There are metal hydrogen storage, carbonaceous material hydrogen storage method etc. for solid-state hydrogen storage, but experiment proof can not meet well The needs of the vehicle-mounted hydrogen storage of business.Therefore, people start to turn to research some light-weight metal, such as alkali metal lithium, sodium or potassium Compound.Since Chen Ping in 2002 et al. has delivered the nitride of lithium metal on Nature first can be relative with amides About 320 ° C of relatively low temperature reversibly inhale to be put hydrogen capacity and reaches 11.5wt%, Metal-N-H system hydrogen storage material and obtained greatly Development.Relative to other solid hydrogen storage materials, the amides of light metal particularly lithium and magnesium is put with suction greatly at hydrogen storage capability The low these two aspects of hydrogen temperature has advantage, is to be hopeful most to reach the target that International Energy Agency proposes, thus meets hydrogen fuel The application requirement of battery car.In the lithium of lightweight, boron, nitrogen, magnesium, Li₃N owing to having the highest hydrogen storage content (10.4wt%) and Receive much attention.LiNH₂Can be 200～300 DEG C of reversible hydrogen adsorption and desorptions (-6wt%) after-LiH mixing.Therefore, LiNH₂-LiH system By vast researcher as the primary study development object of hydrogen storage material.
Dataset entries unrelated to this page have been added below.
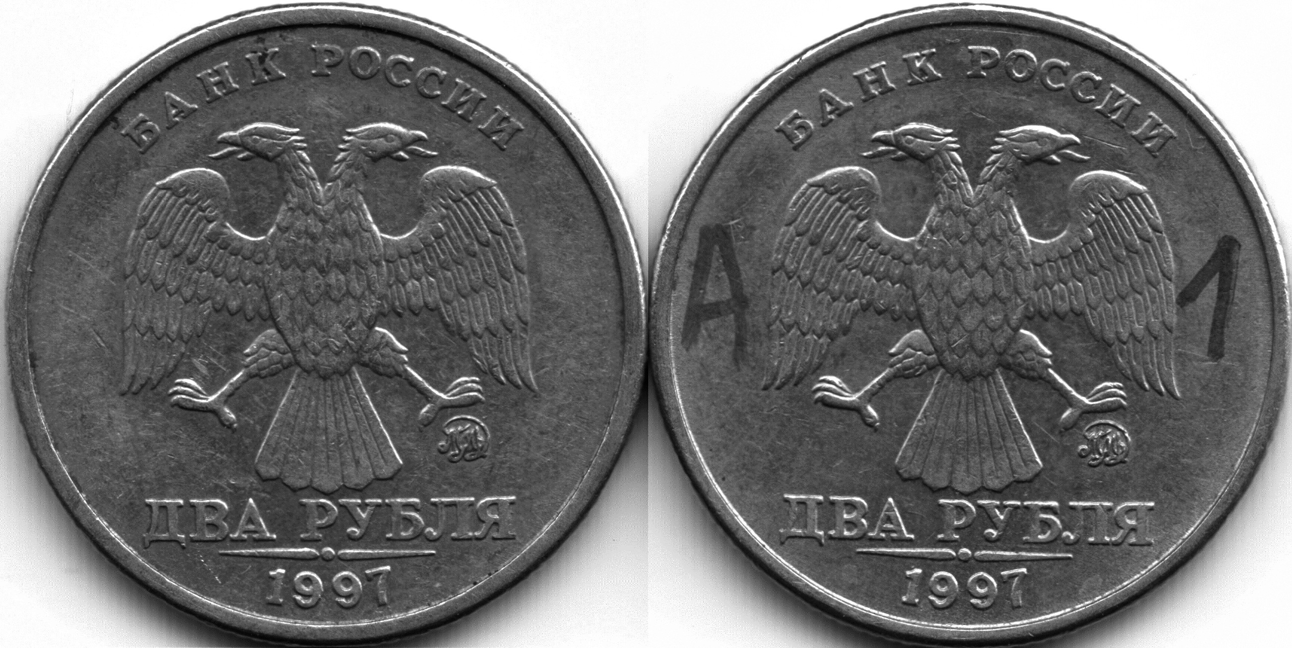 Да я тоже поторопился, думал левая 1.3А2 и тему поднял. Но когда помыл, получил 1.4А2, пришлось название темы и текст менять, удалить то нельзя. Т.е. первоначально тема называлась: "2 рубля 1997 ммд 1.3А2?".
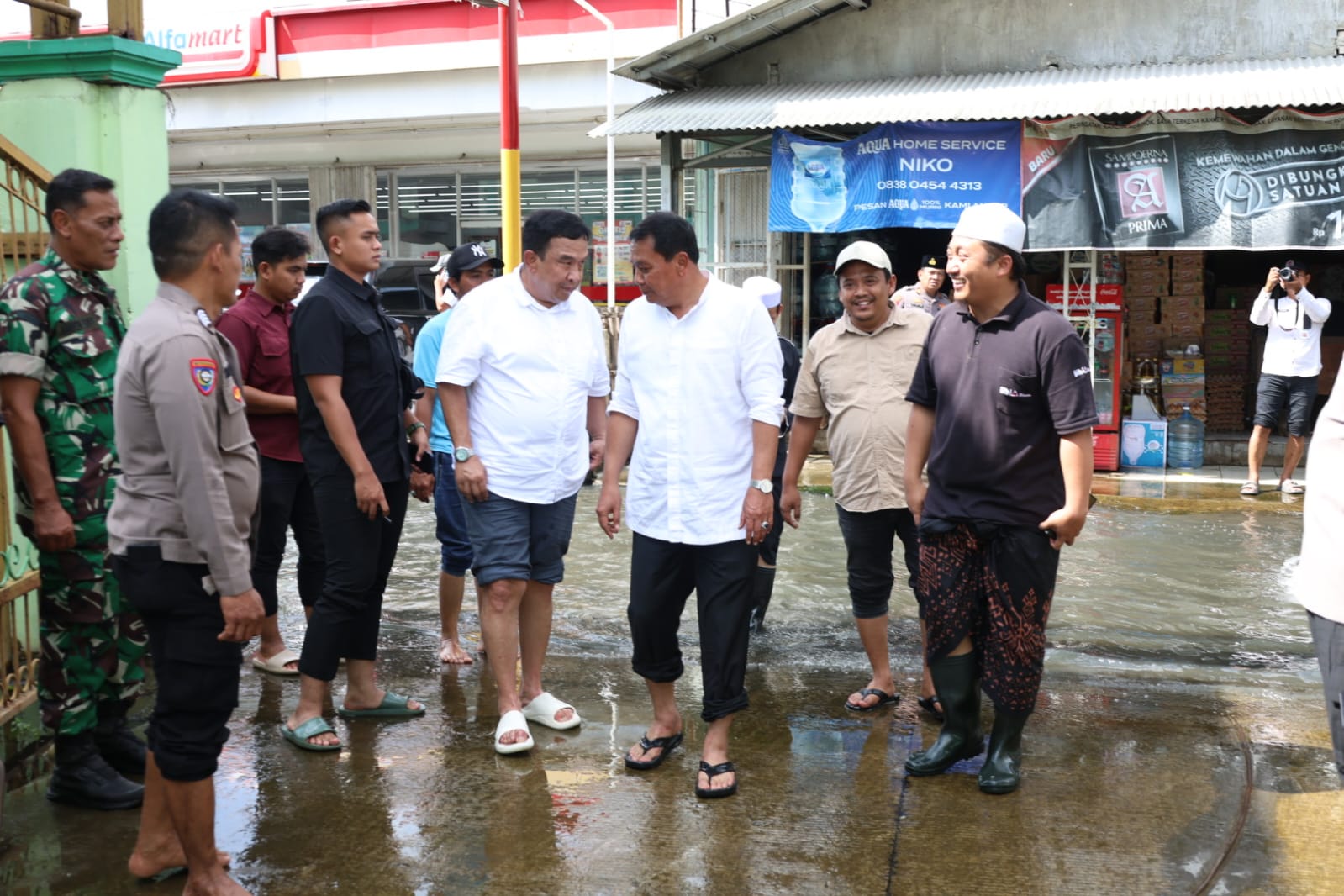 Kujungan itu, Bupati Tangerang Moch. Maesal Rosyid dan nengok langsung ke tempat banjir.
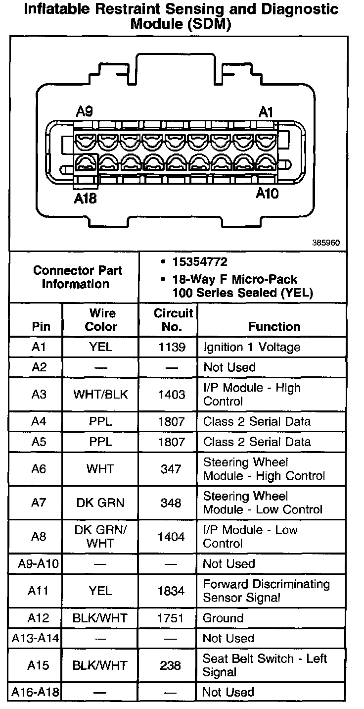 Inflatable Restraint Sensing And Diagnostic Module (SDM):
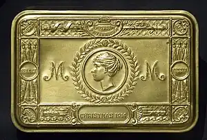 The funding was used to manufacture small boxes made of brass; however, due to metal shortages in the later stages of the war some tins were made from plated base metals or alloys.[6] Each tin was decorated with an image of Mary and other military and imperial symbols along with the names of the UK's then allies.[5] The design was by Stanley Adshead and Stanley Ramsey.[5] Obtaining enough brass strip to make the boxes remained a continual problem, a situation not helped when a large consignment from the US was lost due to the sinking of the RMS Lusitania.[5] Not all the items would fit in the brass box, so the collective gift including the brass box was contained and distributed in a cardboard box.[7]

In order to improve LiNH₂Suction/the hydrogen discharging performance of-LiH system, TiCl is added in existing people's research in this Li-N-H system₃ And relevant potassium compound such as KH, KX(wherein X are F, Cl or Br) etc., find to add the suction for improving Li-N-H system/put Hydrogen dynamic performance has preferable catalytic effect, can greatly improve LiNH₂The dynamic performance of hydrogen is put in the suction of-LiH system.

Summary of the invention

Present invention aim at proposing a kind of LiNH that can be effectively improved hydrogen storage property₂The preparation side of-LiH hydrogen storage material Method.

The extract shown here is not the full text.